Application team provided the information that, they are using the following connection string.
##---- ##---- DB connection string used by App team ##---- (DESCRIPTION = (ADDRESS = (PROTOCOL = TCP)(HOST =rac01.oraclebuffer.com)(PORT = 1521)) (ADDRESS = (PROTOCOL = TCP)(HOST =rac02.oraclebuffer.com)(PORT = 1521)) (CONNECT_DATA = (SERVER = DEDICATED) (SERVICE_NAME = prod_app.oraclebuffer.com) ) )
As a first step, I immediately checked the status of the service and could see it was up running fine on both the cluster instances.
##---- ##---- Service status from clusterware ##---- oracle@rac01:/home/oracle: srvctl status service -d orpproda Service prod_app is running on instance(s) orpproda1, orpproda2
I could also see, the service is registered with the listener and in READY status on both the cluster nodes.
##---- ##---- Service registration status from listener (node 1) ##---- orpproda1@rac01:/home/oracle: lsnrctl status LSNRCTL for Linux: Version 11.1.0.7.0 - Production on 10-DEC-2015 03:24:13 Copyright (c) 1991, 2008, Oracle.
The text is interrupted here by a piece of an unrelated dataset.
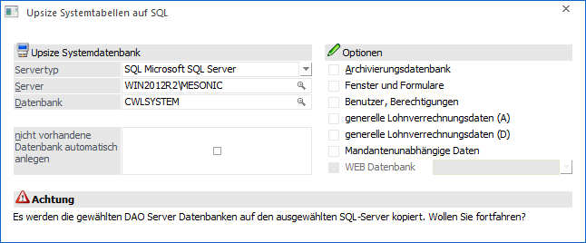 Wenn diese Option aktiv ist, dann wird der Inhalt der mesolohD0.SRV auf den SQL-Server kopiert. Diese Option kann nur bei Einsatz des WinLine LOHN für Deutschland aktiviert werden (wenn die entsprechende Lizenz vorhanden ist).

All rights reserved. Connecting to (ADDRESS=(PROTOCOL=tcp)(HOST=)(PORT=1521)) STATUS of the LISTENER ------------------------ Alias LISTENER Version TNSLSNR for Linux: Version 11.1.0.7.0 - Production Start Date 16-OCT-2015 22:10:53 Uptime 54 days 6 hr. 13 min. 20 sec Trace Level off Security ON: Local OS Authentication SNMP OFF Listener Parameter File /app/oracle/product/11.1.0/db/network/admin/listener.ora Listener Log File /oraadmin/diag/tnslsnr/rac01/listener/alert/log.xml Listening Endpoints Summary... (DESCRIPTION=(ADDRESS=(PROTOCOL=ipc)(KEY=EXTPROC1521))) (DESCRIPTION=(ADDRESS=(PROTOCOL=tcp)(HOST=10.171.10.56)(PORT=1521))) (DESCRIPTION=(ADDRESS=(PROTOCOL=tcp)(HOST=10.171.10.55)(PORT=1521))) Services Summary... Service "prod_app.oraclebuffer.com" has 2 instance(s). Instance "orpproda1", status READY, has 2 handler(s) for this service... Instance "orpproda2", status READY, has 1 handler(s) for this service... The command completed successfully ##---- ##---- Service registration status from listener (node 2) ##---- oracle@rac02:~> lsnrctl status LSNRCTL for Linux: Version 11.1.0.7.0 - Production on 10-DEC-2015 05:37:01 Copyright (c) 1991, 2008, Oracle. All rights reserved. Connecting to (ADDRESS=(PROTOCOL=tcp)(HOST=)(PORT=1521)) STATUS of the LISTENER ------------------------ Alias LISTENER Version TNSLSNR for Linux: Version 11.1.0.7.0 - Production Start Date 03-NOV-2015 12:53:45 Uptime 36 days 16 hr. 43 min. 15 sec Trace Level off Security ON: Local OS Authentication SNMP OFF Listener Parameter File /app/oracle/product/11.1.0/db/network/admin/listener.ora Listener Log File /oraadmin/diag/tnslsnr/rac02/listener/alert/log.xml Listening Endpoints Summary... (DESCRIPTION=(ADDRESS=(PROTOCOL=ipc)(KEY=EXTPROC1521))) (DESCRIPTION=(ADDRESS=(PROTOCOL=tcp)(HOST=10.171.10.58)(PORT=1521))) (DESCRIPTION=(ADDRESS=(PROTOCOL=tcp)(HOST=10.171.10.57)(PORT=1521))) Services Summary... Service "prod_app.oraclebuffer.com" has 2 instance(s). Instance "orpproda1", status READY, has 1 handler(s) for this service... Instance "orpproda2", status READY, has 2 handler(s) for this service... The command completed successfully
I was not seeing any issue with the service status. As a next step, I tried to look into the listener log file and could see (from first node) the connections are indeed failing with the TNS errors.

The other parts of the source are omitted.